Nareszcie po tygodniowym rozbracie z telewizją , wczoraj wróciłem ze szpitala do domu i miałem szczęście oglądać ostatni akt żałoby narodowej t.j. transmisję z mszy i przewóz na lawetach ŚP pary prezydenckiej z Kościoła Mariackiego i złożeniu jej na Wawelu.
Nie będę opisywał moich uczuć z tej transmisji , ale jedna rzecz zwróciła moją uwagę.
Przemówienia, marszałka Komorowskiego , którego oddźwiękiem była grobowa cisza i przewodniczącego Śniadka przyjęte brawami na stojąco, i prymasa Muszyńskiego też ciepło przyjęte.

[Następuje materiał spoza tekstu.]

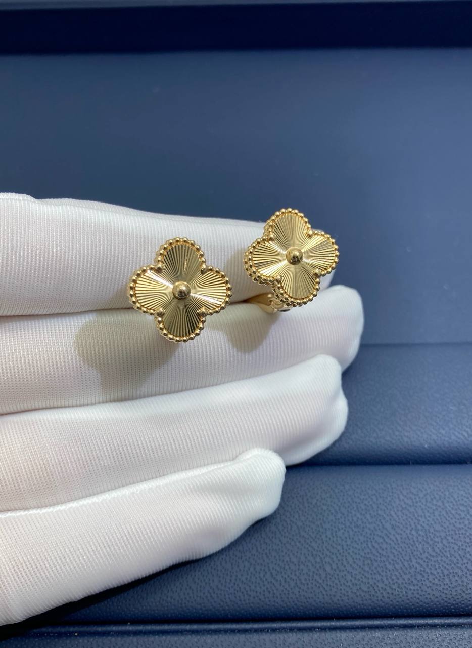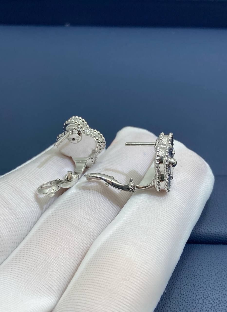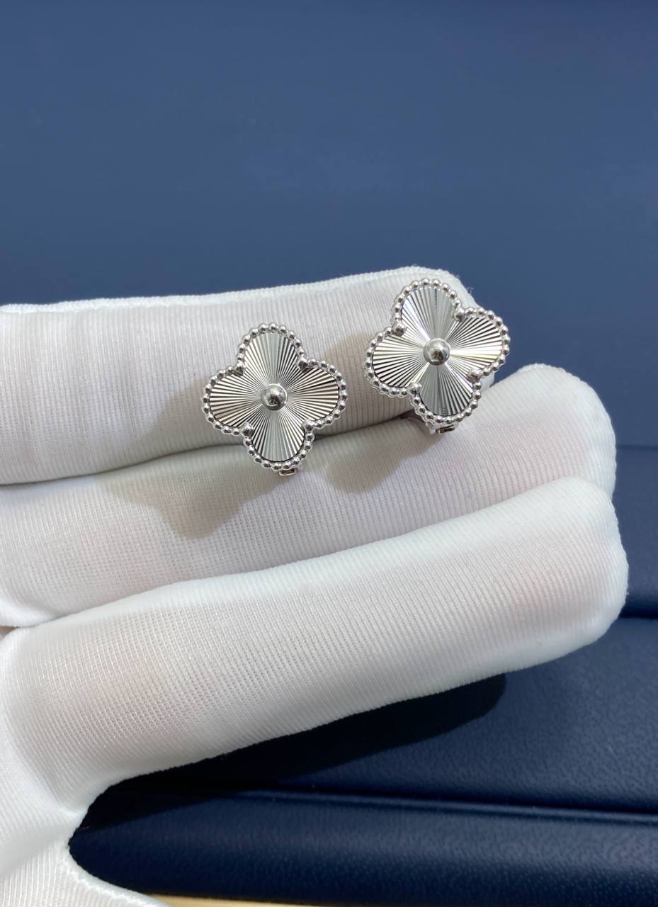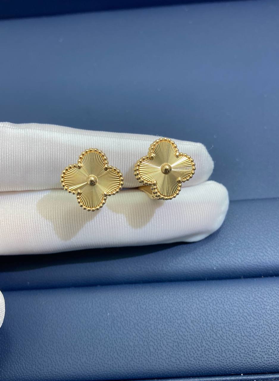 These stunning earrings exude timeless elegance and refined craftsmanship. Inspired by the iconic clover leaf, a symbol of luck, each motif is beautifully framed with a delicate border of golden beads, highlighting its graceful symmetry and sophistication. Available in 18k yellow or white gold, they make a versatile and luxurious addition to any jewelry collection.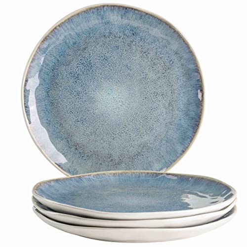 MÄSER Frozen, moderna mattallrikar set om 4 med spräcklig glasyr och organiska former, 4 stora platta mattallrikar av keramik i ett spännande vintageutseende, stengods, blå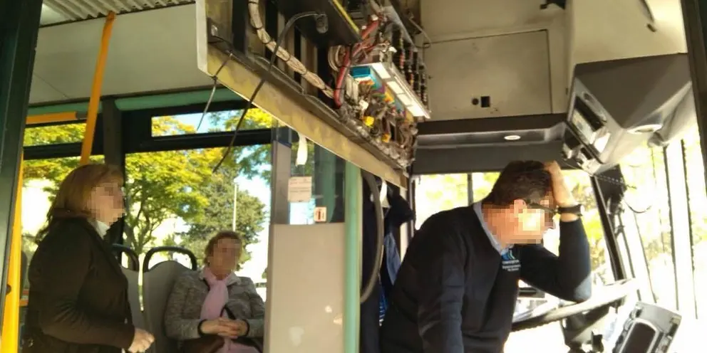 Cae parte del techo de un autobús urbano de la Línea 10 encima del conductor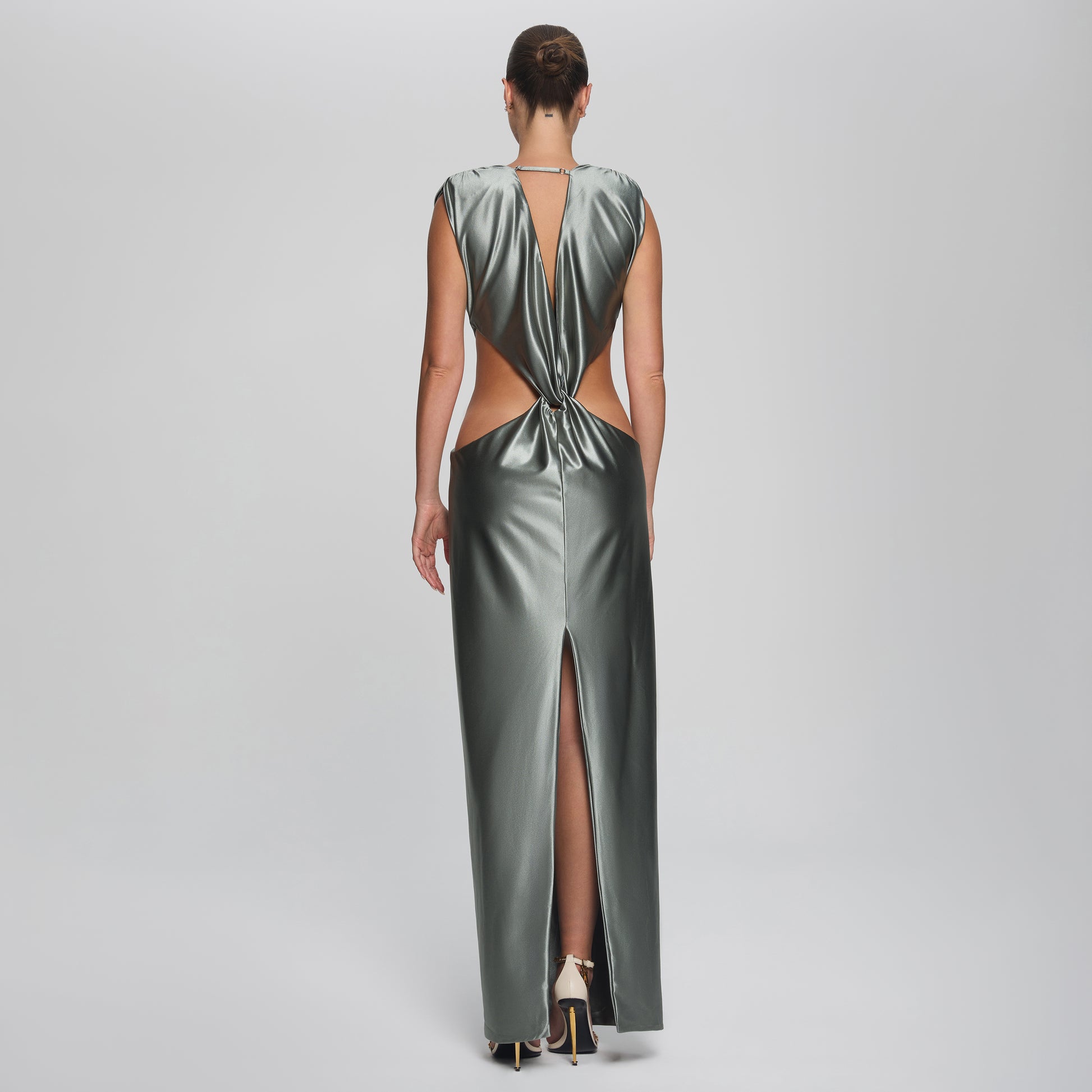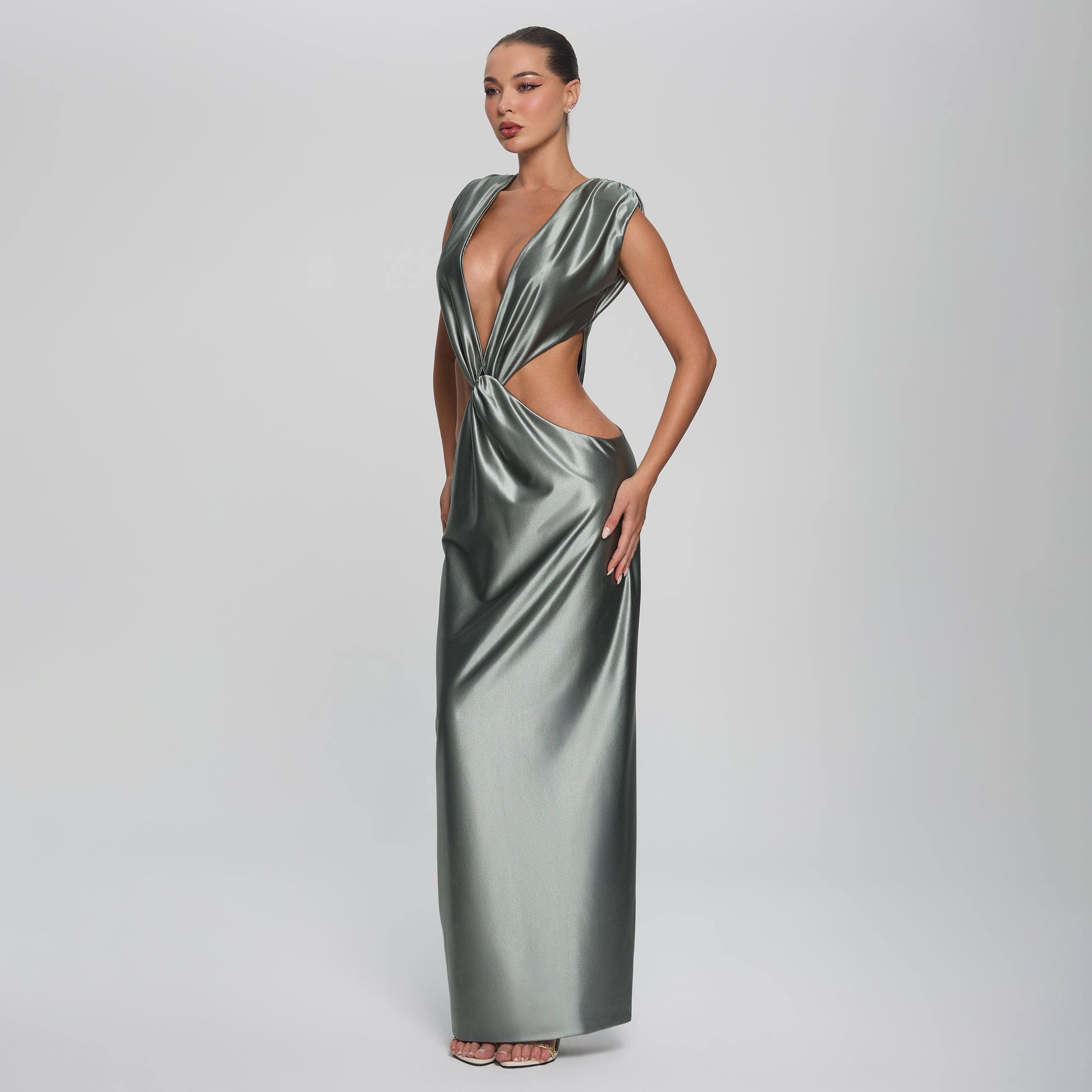 Our signature satin maxi dress featuring a deep plunge neckline, sculpted front knot detail and bold side cut-outs that highlight the waist. Finished with an open back and sleek column silhouette for an statement look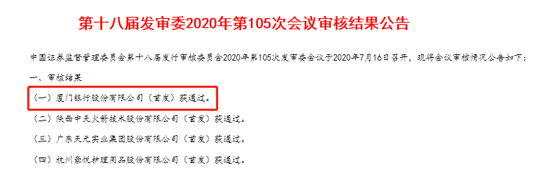 证监会官网信息显示,厦门银行已于7月16日顺利过会,即将成为第37家A股上市银行,也是今年首家A股上市银行。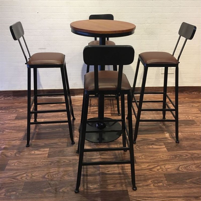 速發202鐵藝復古高腳椅吧臺凳實木桌椅組合咖啡廳奶茶店酒吧圓方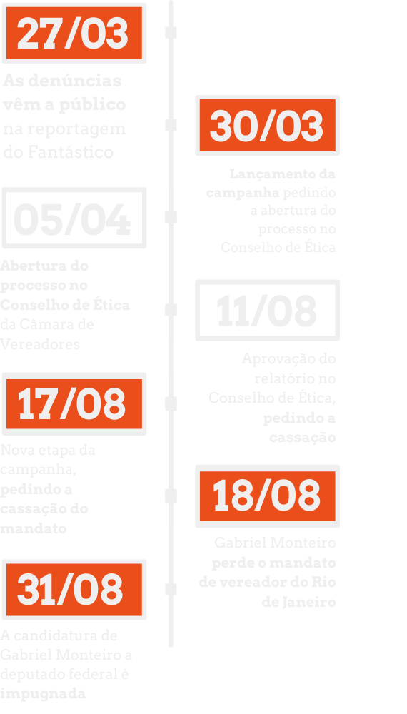 Conseguimos! O Rio de Janeiro não tem mais um vereador denunciado por assédio sexual e moral, agressões físicas e manipulação: o mandato de Gabriel Monteiro foi cassado e sua candidatura a deputado federal foi impugnada!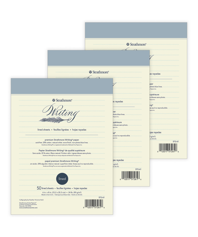 Introducing Strathmore 500 Series Lined Writing Paper--the perfect writing companion for calligraphers, hand lettering hobbyists, and anyone desiring to create artful correspondence. With a natural white, wove finish paper that is both acid free and non-photo blue lined, let your writing command the page in an organized fashion. The 25% cotton paper is ideal for a broad range of ink and pencil writing instruments. Pads feature a flip-over cover that for an easy, clean sheet removal without the risk of tears or creases. Our 500 Series sets the standard for excellence within the fine art industry, featuring superior-grade surfaces crafted with 100% cotton fibers for unmatched durability, carefully crafted textures & archival, acid-free composition. Endorsed by professional artists as the surface of choice for art pieces showcased in galleries, sold at auctions or submitted to the most prestigious competitions. Sold as a pack of 3.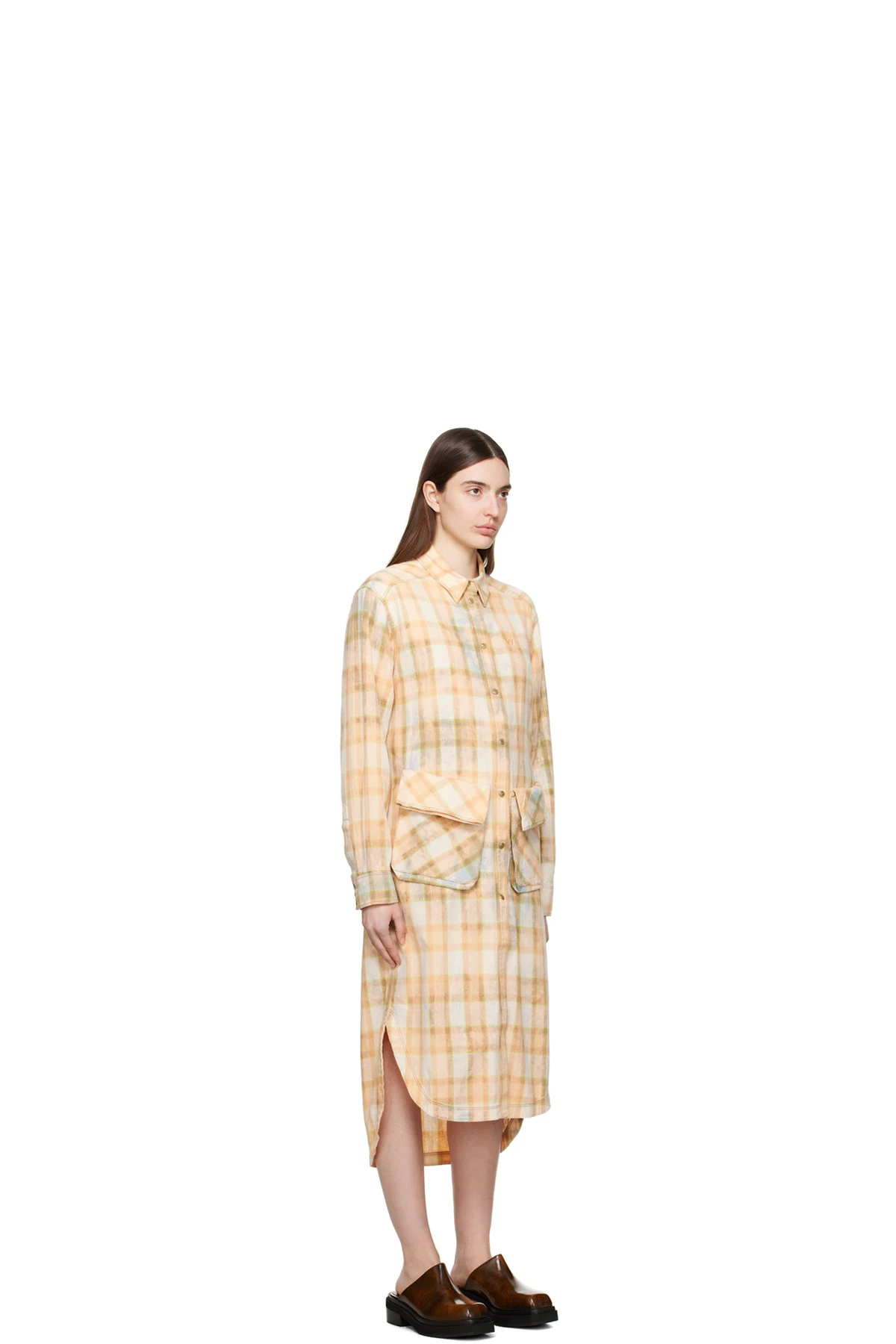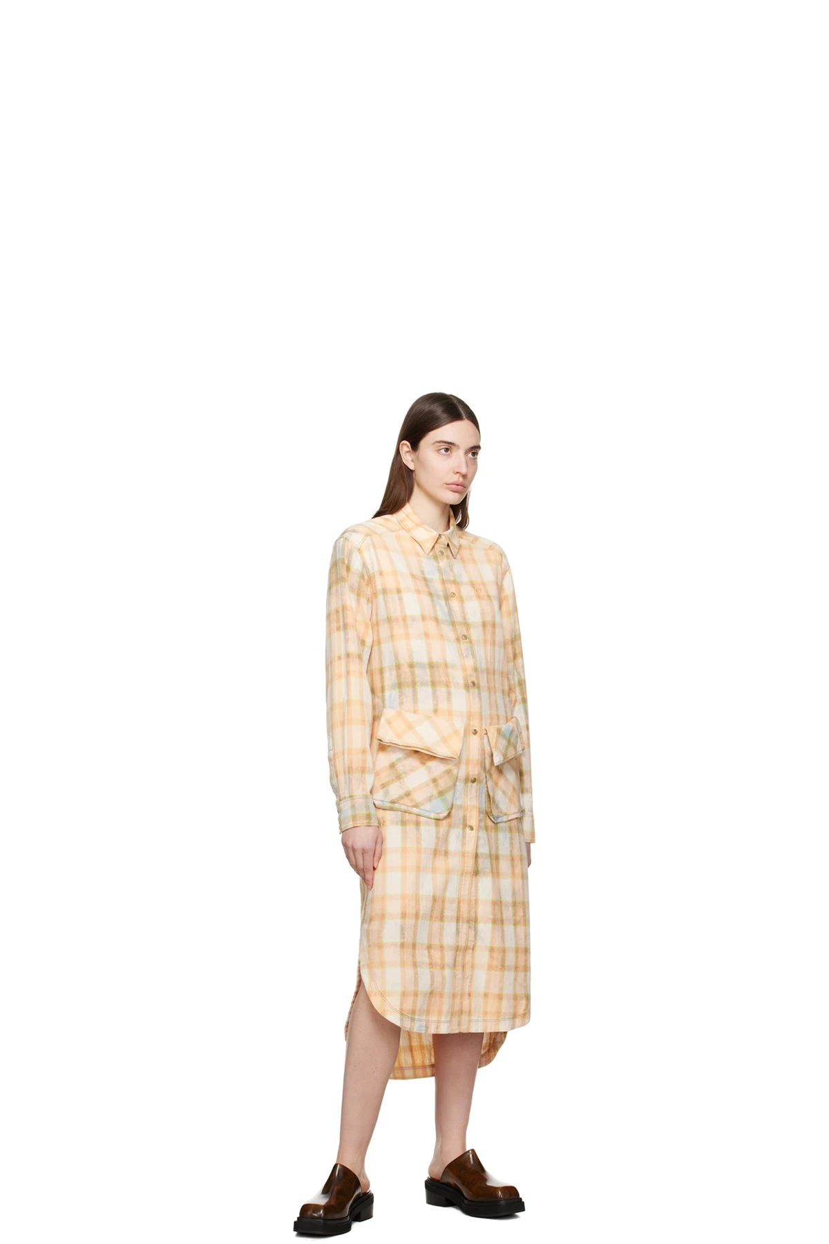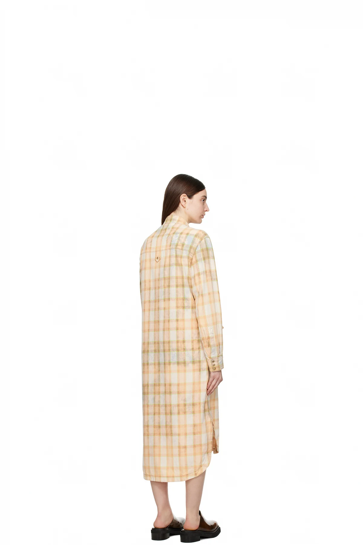 Cotton flannel dress. Check pattern, fading, and paint splatter effect throughout.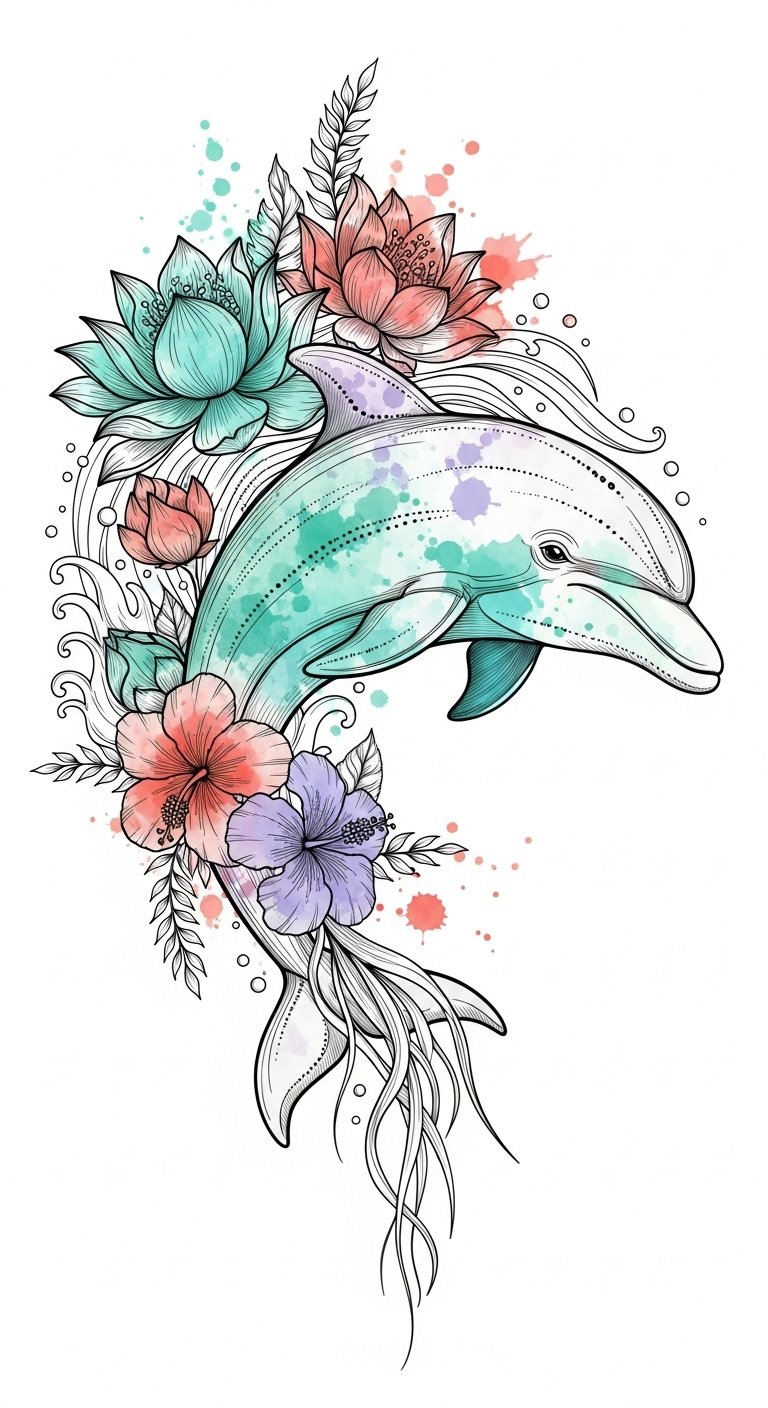 When you combine dolphins with floral elements, you create a vibrant tapestry that symbolizes both joy and natural beauty.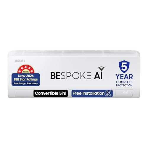 Samsung 1 Ton 5 Star Bespoke AI Inverter Smart Split AC (2026 Model, WiFi, Energy Saving, Voice Control, Powerful Cooling, Copper, Digital Inverter, 4 Way swing, 5 Step Convertible, AR50H12D1ZHNNA)

Polacy karmieni nieprawdziwą propagandą na temat ŚP Lech Kaczyńskiego , robieniu z niego, człowieka ponurego, który tylko myślał o tym jak zaszkodzić rządowi, z którym w polityce nikt się nie liczył się , człowieku zakompleksionym , zbyli milczeniem produkt przemówienia marszałka Komorowskiego.
Niebotyczne poparcie dla P.O. i ich kandydata na prezydenta, przedstawiane przez sondażownie okazały się warte funta kłaków w konfrontacji z rzeczywistością.
Życie w złotej klatce bez kontaktu z rzeczywistością mam nadzieję , będzie drogo kosztowało P.O..A pan Łaszyn, Mistewicz, cała rzesza pijarowców opłacanych z naszych podatków , niech wsłuchają się w tę ciszę, która zapanowała po przemówieniu marszałka Komorowskiego.
A źródłem ich informacji niech dalej będzie TVN 24 , Polsat i GW. Co myśli Naród okaże się wkrótce.